Another approach to vibration monitoring is predicting object vibrations based on the vibration properties of its selected elements. In [30], only the vibration data at certain points of the structure were selected for analysis. A random forest regression model for predicting any location of the structure, amplitude, and frequency of the force was used [30].
During construction works, it seems necessary to obtain reliable values of the predicted ground vibrations. Research shows that, in special conditions, forecasting is possible using the Lagrangian–Eulerian (ALE) adaptive mesh method [28,31]. These simulations were performed to simulate the pile penetration in the continuous piling process. The term continuous piling describes the piling process from the ground surface to the final penetration depth. The simulations showed that the numerical model could efficiently calculate the velocity of the front of waves of various types in a homogeneous soil [31].
Some scientists go further and try to implement heterogeneous soil in the model. In [32], the finite element method in time domain (FEM-TD) is employed for predicting pile-driving-induced vibrations. A soil model with four layers of different thickness was used in the simulations. Layer thickness and properties were determined using actual measurements. The obtained values of the soil layer properties were used in the model. The results of the simulation were compared with the results of the low-strain test performed with a handheld impact hammer. The results of the simulation and practical test confirmed that the developed numerical model is highly consistent with in situ measurements [32].
Another interesting research direction is developing vibration sensors without an external power source. Papers on mechanical vibration sensors with an integrated energy collection function with a piezoelectric transducer are published. Typical generators for generating mechanical energy are equipped with a movable lever (cantilever) made of piezoelectric material. The piezoelectric lever generator may be a self-powered sensor that detects the state of vibration of the support. With a known resonant frequency of the lever, it is possible to determine the vibrations based on the damping of the signal coming from the lever [33]. The physical feasibility of building such a sensor has been proven, and the current work concerns estimating potential errors [34]. This makes it possible to build self-powered vibration sensors based on a unique phenomenon. Another type of generator is a nano-generator that uses a combination of the triboelectric and electrostatic effects. The source of energy is flexible nanofibers, fabricated by electrospinning with a strong dielectric compound and the relatively negative triboelectric material polyvinylidene fluoride. This type of sensor can be an efficient, self-powered nanofiber vibration sensor (SNVS) for the safety detection of rail fastener tightness [35]. The lack of an external power supply allows for mobile work of the sensor. Mobility can be further increased by introducing a wireless communication module into the sensor. It has been shown that the obtained electricity allows the sensor to work and suffices to meet the needs of the wireless communication module [36].

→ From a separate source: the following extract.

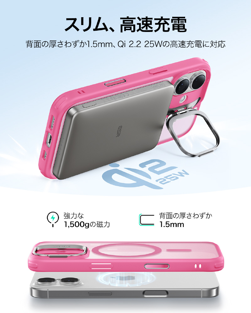 内蔵のN52M強力磁石と薄さ1.5mmのバックパネルが、最大25W充電対応の高速かつロスなしのMagSafe充電を実現します。さらに、このiPhone17ケースは厳選素材と独自の抗黄変配方で、複合バックパネルと表面4H硬度処理により、長期間使用でも黄ばみやキズ(鍵やコインなども)に強く、いつまでも新品のような美しさを保ち続けます

Apart from the research directions mentioned above, currently, the most widespread research is in the propagation and damping of vibrations accompanying rail transport, dynamic compaction, explosions, and pile-driving foundations [22].
The vibration monitoring system presented in this publication combines elements from different suppliers to work together smoothly and provide reliable measurement data. A significant difference from commercial systems available on the international market is the flexible structure of the measurement system, adapted to the requirements of the [37], with the possibility of easy adaptation to other standard requirements. International corporations producing vibration-recording systems have no business interest in creating systems that qualify vibration values under locally applicable standards. Introducing an international standard in a small country is easier than getting support from an international hardware and software manufacturer for the local standard. The data presentation has two levels—system administrator- and user-level access to measurement data. The obtained measurements instantly provide the user with information on the vibration classification (SWD range) and its potential impact on the structure (Section 3). Remote access with limited user privileges is provided. This type of data access is rare in commercial solutions. Commercial research systems are typically designed to be operated by qualified employees with extensive permissions. The cost of the presented, dedicated monitoring system (consisting of sensors, a data acquisition card, and software) is much lower than the cost of a closed system provided by recognised suppliers of this type of solution (e.g., Brüel and Kjær, Svantek).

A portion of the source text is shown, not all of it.